Our decision is based on the narrow but compelling set of facts presented in these proceedings. Contrary to the commenter's assertions, we are not promulgating new ex parte rules. We are interpreting existing rules. We reject the contention that we are creating a rule that puts parties at peril whenever they wish to have ex parte communications in quasi legislative proceedings where related complaint proceedings are pending. The unique facts of these proceedings are what drive us to our conclusion today that ex parte violations occurred. AT&T and Cox were dissatisfied with the forum in which their compliance with Section 2883 was being reviewed. Within a short period of time and anticipating an evidentiary hearing, they pursued several unsuccessful and alternative pleading approaches to have the forum for compliance review changed from an adjudicatory context (retrospective review) to a rulemaking context (prospective review) although they had shown no interest in rulemaking in the decade since Section 2883's enactment. Because of the pending adjudications, important due process rights of an absent party were jeopardized.34 In view of the chronology set forth in this decision and the issues discussed in the meetings, defendants' argument that the communications were limited to a rulemaking proceeding elevates form over substance and would license the very conduct we seek to proscribe here: communications nominally made in one proceeding but designed to affect substantive outcomes in pending adjudications.
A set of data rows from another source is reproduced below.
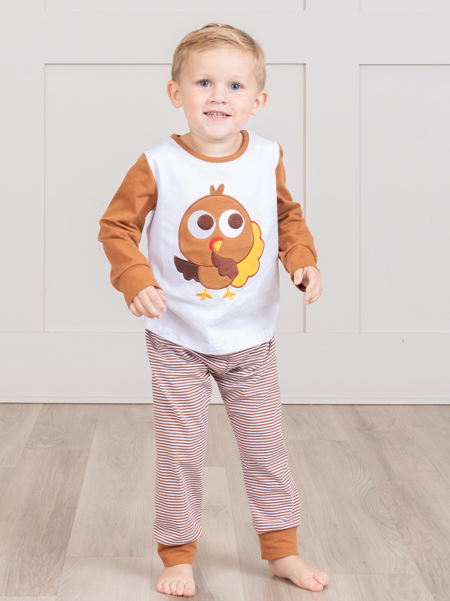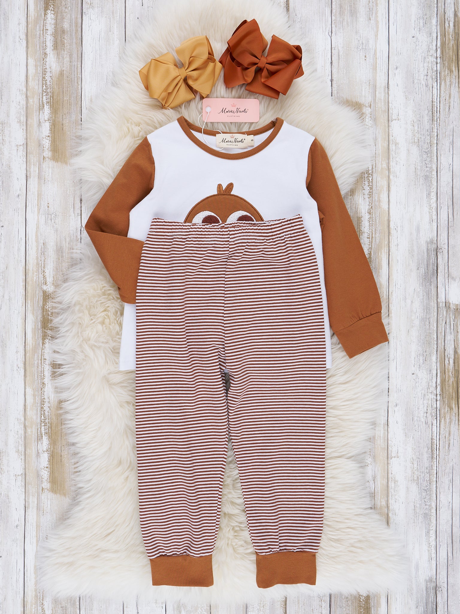 Be the envy of all your friends in these stylish Brown & White Turkey Pajamas! You'll be the top (hen?) of the pecking order wearing this cozy set featuring a cute turkey face and raglan sleeves. Who needs feathers when you can strut around in these pajamas? Gobble, gobble!
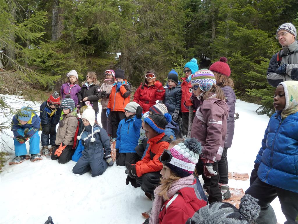 Avec la classe d'Olivier Drion, le jeudi 15 janvier, nous sommes allés à l'Arselle pour faire une sortie en raquette. Avec notre guide Johan, nous avons observé des traces d'animaux : écureuil, renard et lièvre.
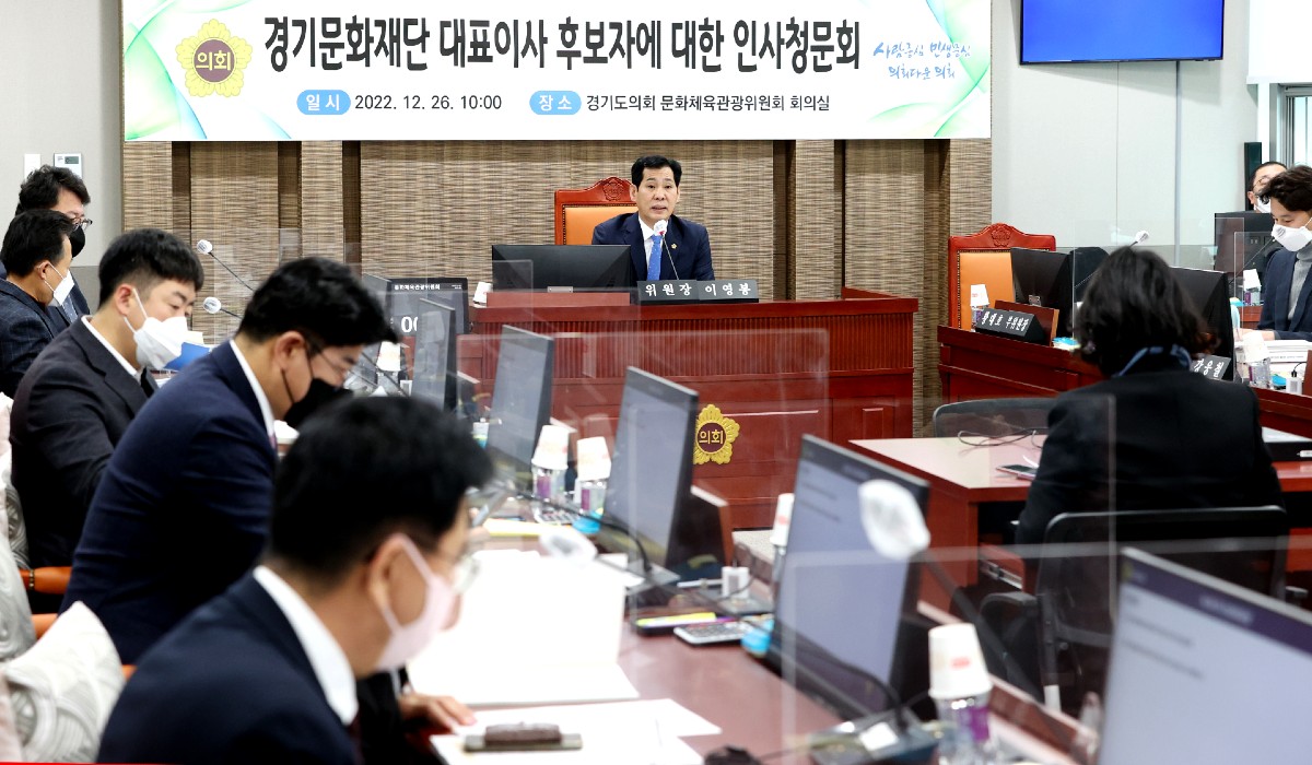 이번 인사청문회는 지난 11월 21일 경기도·경기도의회가 체결한 ‘산하기관장 인사청문 업무협약’에 따라, 12월 16일 도가 경기문화재단 대표이사 후보자에 대한 인사청문을 요청하여, 정책역량 검증이 실시된 것이다.
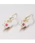 Náušničky ve tvaru kytičky, jsou vyrobené ze žlutého čtrnáctikarátového zlata 585/1000 v lesklé povrchové úpravě s pěti bílými zirkony zobrazující kvítky a s jedním červeným zirkonem uprostřed.
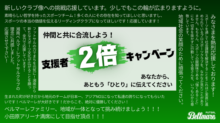 いつも湘南ベルマーレフットサルクラブを応援してくださり、ありがとうございます。
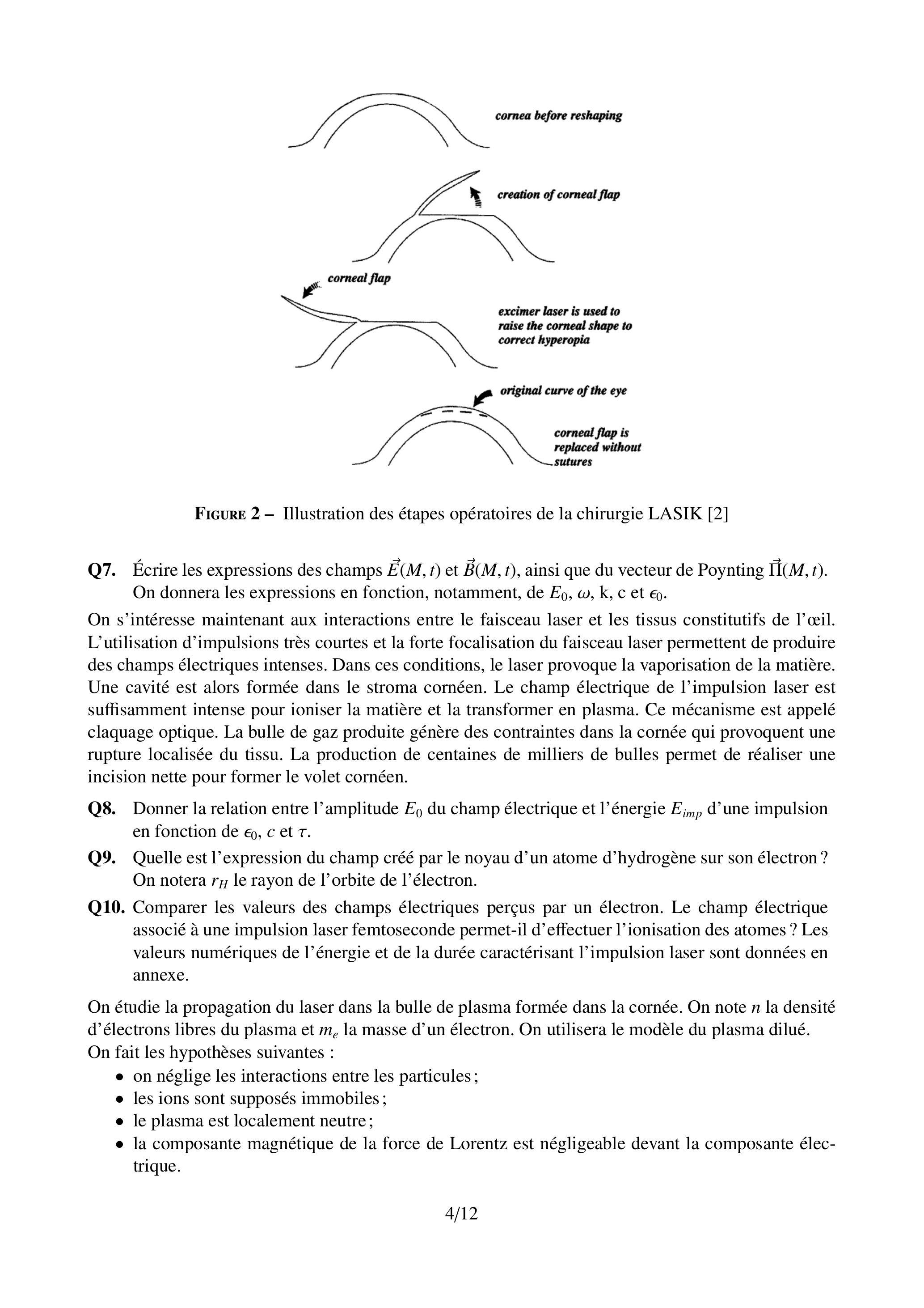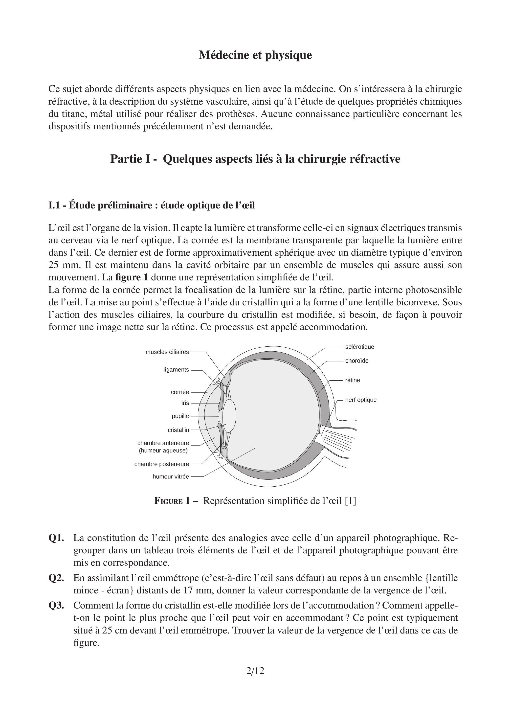 Ce sujet aborde différents aspects physiques en lien avec la médecine. On s'intéressera à la chirurgie réfractive, à la description du système vasculaire, ainsi qu'à l'étude de quelques propriétés chimiques du titane, métal utilisé pour réaliser des prothèses. Aucune connaissance particulière concernant les dispositifs mentionnés précédemment n'est demandée.

As stated earlier we regard the forum selection dispute as a substantive issue in adjudicatory proceedings pending before this Commission. For that reason, AT&T's and Cox's oral and written communications with decisionmakers on this forum selection issue in a non-public setting constituted ex parte communications (Section 1701.1(c)(4)). Further, we find that these ex parte communications implicated substantive issues in both the rulemaking and the adjudicatory dockets. Standing alone in the rulemaking proceeding, the ex parte communications would have been permissible under Section 1701.4(b), as the commenting parties note. However, these ex parte communications did not stand alone: the dispute over forum selection and the interpretation of Section 2883 overlapped and linked the rulemaking and the complaints. For this reason, the communications also occurred in the adjudicatory dockets, where they were prohibited under Section 1701.2(b). We so find.
33 The May 29 Motion also cites Rule 16.3(a)(3) which governs requests for oral argument by a party who has filed an application for rehearing of a Commission decision where the appeal presents legal issues of exceptional controversy, complexity, or public importance. However, we are not dealing with a decision on rehearing, so the citation is inapposite.
34 AT&T comments that UCAN's due process rights were not affected by defendants' conduct. The defendants' communications risked compromising the Commission's impartiality in its adjudicatory process. See Golden Day Schools, Inc. v. State Dep't of Education, 83 Cal. App. 4th 695 (2d Dist. 2000) (child care contractor with the state had a due process liberty interest entitling it to a hearing on justification for the debarment before an impartial arbiter or tribunal); cf. Shelley v. Kraemer, 334 U.S. 1 (1948) (judicial enforcement of racially restrictive covenant constitutes Equal Protection violation).